The effect of various types and doses of statins on C-reactive protein levels in patients with dyslipidemia or coronary heart disease: A systematic review and network meta-analysis

Abstract

Objective: The objective of this study was to measure the efficacy of various types and dosages of statins on C-reactive protein (CRP) levels in patients with dyslipidemia or coronary heart disease.

Methods: Randomized controlled trials were searched from PubMed, Embase, Cochrane Library, OpenGray, and ClinicalTrials.gov. We followed the Preferred Reporting Items for Systematic Reviews and Meta-Analyses guidelines for data extraction and synthesis. The pairwise meta-analysis compared statins and controls using a random-effects model, and a network meta-analysis compared the types and dosages of statins using the Bayesian random-effects model. The PROSPERO registration number is CRD42021242067.

Results: The study included 37 randomized controlled trials with 17,410 participants and 20 interventions. According to the pairwise meta-analysis, statins significantly decreased CRP levels compared to controls (weighted mean difference [WMD] = -0.97, 95% confidence interval [CI] [-1.31, -0.64], P < 0.0001). In the network meta-analysis, simvastatin 40 mg/day appeared to be the best strategy for lowering CRP (Rank P = 0.18, WMD = -4.07, 95% CI = [-6.52, -1.77]). The same was true for the high-sensitivity CRP, non-acute coronary syndrome (ACS), <12 months duration, and clear measurement subgroups. In the CRP subgroup (rank P = 0.79, WMD = -1.23, 95% CI = [-2.48, -0.08]) and ≥12-month duration subgroup (Rank P = 0.40, WMD = -2.13, 95% CI = [-4.24, -0.13]), atorvastatin 80 mg/day was most likely to be the best. There were no significant differences in the dyslipidemia and ACS subgroups (P > 0.05). Node-splitting analysis showed no significant inconsistency (P > 0.05), except for the coronary heart disease subgroup.

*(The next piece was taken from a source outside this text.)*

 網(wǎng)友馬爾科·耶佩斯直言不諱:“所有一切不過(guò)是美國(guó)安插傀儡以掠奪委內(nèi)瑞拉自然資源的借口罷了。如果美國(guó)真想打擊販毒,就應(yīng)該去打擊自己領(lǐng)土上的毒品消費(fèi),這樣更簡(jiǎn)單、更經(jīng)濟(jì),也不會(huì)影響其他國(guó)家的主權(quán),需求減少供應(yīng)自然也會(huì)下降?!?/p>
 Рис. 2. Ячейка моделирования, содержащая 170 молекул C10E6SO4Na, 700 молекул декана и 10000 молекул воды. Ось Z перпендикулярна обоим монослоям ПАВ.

Conclusion: Statins reduced serum CRP levels in patients with dyslipidemia or coronary heart disease. Simvastatin 40 mg/day might be the most effective therapy, and atorvastatin 80 mg/day showed the best long-term effect. This study provides a reference for choosing statin therapy based on LDL-C and CRP levels.

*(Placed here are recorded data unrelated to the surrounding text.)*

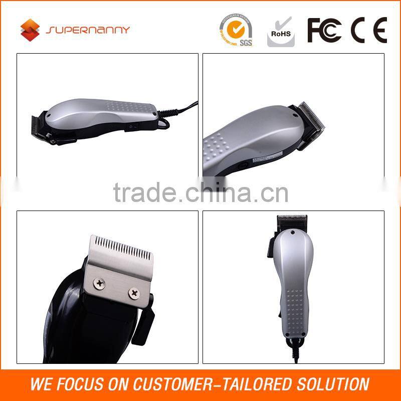 Supernanny professional men hair clipper include two main types. rechargeable hair clipper and corded hair clipper. The corded one is traditional and well accepted by many reminiscent barbers .It is not as convenient as the cordless, but extremely thin blade can make a close contact with skin, and easily shave the short hairs. It is the best choice for barber and salon. And the rechargeable hair clipper have different designs, with kit, LED indicator. The innovative cutting element and adjustable combs are designed to give you a fast, sharp cut, and own a fresh look each and every time. Whatever look you want to achieve, our hair clipper will let it come true.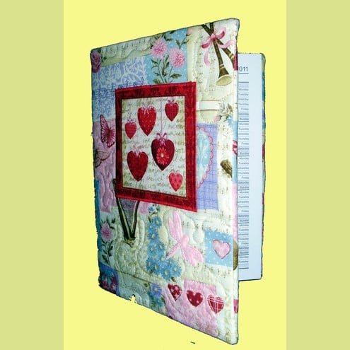 A5 diary cover. The cover has a machine appliquéd panel and dragonfly. Complete with standard day to page diary, refills are easily available, for next year.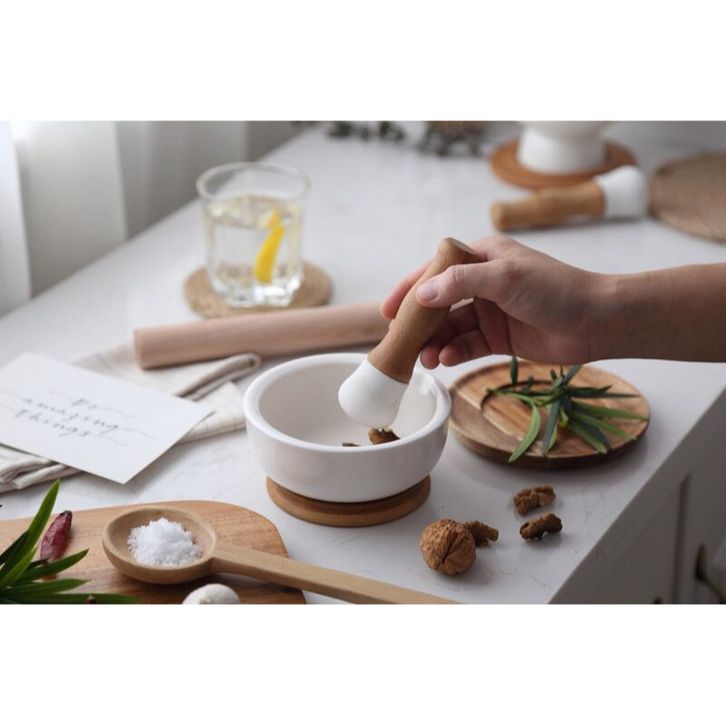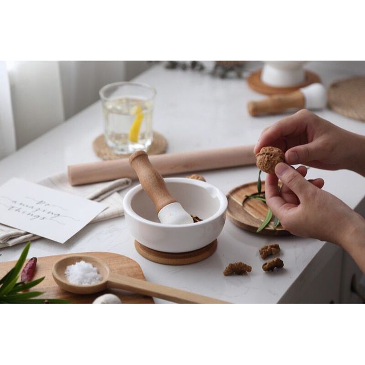 Lesung Keramik Ulekan Penggiling Cabe Merica dengan Tatakan Kayu

Keywords: C-reactive protein; coronary heart disease; dyslipidemia; network meta-analysis; statin.

Figure 1

Flow diagram of the study selection progress.

Figure 2

Risk of bias graph of the included studies.

Figure 3

Forest plot of pairwise meta-analysis between statins and control. Note: PRV 40: Pravastatin 40 mg/d; RSV 10: Rosuvastatin 10 mg/d; Rosuvastatin 20 mg/d; ATV 10: Atorvastatin 10 mg/d; SIV 20: Simvastatin 20 mg/d; SIV 10: Simvastatin 10 mg/d; SIV 40: Simvastatin 40 mg/d; SIV 80: Simvastatin 80 mg/d; RSV 5: Rosuvastatin 5 mg/d; ATV 40: Atorvastatin 40 mg/d; PRV 10: Pravastatin 10 mg/d; ATV 80: Atorvastatin 80 mg/d; ATV 20: Atorvastatin 20 mg/d.

Figure 4

Network evidence plot on CRP. The size of nodes is directly proportional to the number of studies. The lines link two direct-comparison interventions, their thickness is proportional to the number of comparisons, and the green links represent at least one double-blind comparison. PTV 4: Pitavastatin 4 mg/d; PTV 2: Pitavastatin 2 mg/d; PTV 1: Pitavastatin 1 mg/d; PRV 40: Pravastatin 40 mg/d; PRV 20: Pravastatin 20 mg/d; PRV 10: Pravastatin 10 mg/d; ATV 80: Atorvastatin 80 mg/d; ATV 5: Atorvastatin 5 mg/d; ATV 40: Atorvastatin 40 mg/d; ATV 20: Atorvastatin 20 mg/d; ATV 10: Atorvastatin 10 mg/d; SIV 80: Simvastatin 80 mg/d; SIV 40: Simvastatin 40 mg/d; SIV 20: Simvastatin 20 mg/d; SIV 10: Simvastatin 10 mg/d; RSV 5: Rosuvastatin 5 mg/d; RSV 40: Rosuvastatin 40 mg/d; RSV 20: Rosuvastatin 20 mg/d; RSV 10: Rosuvastatin 10 mg/d.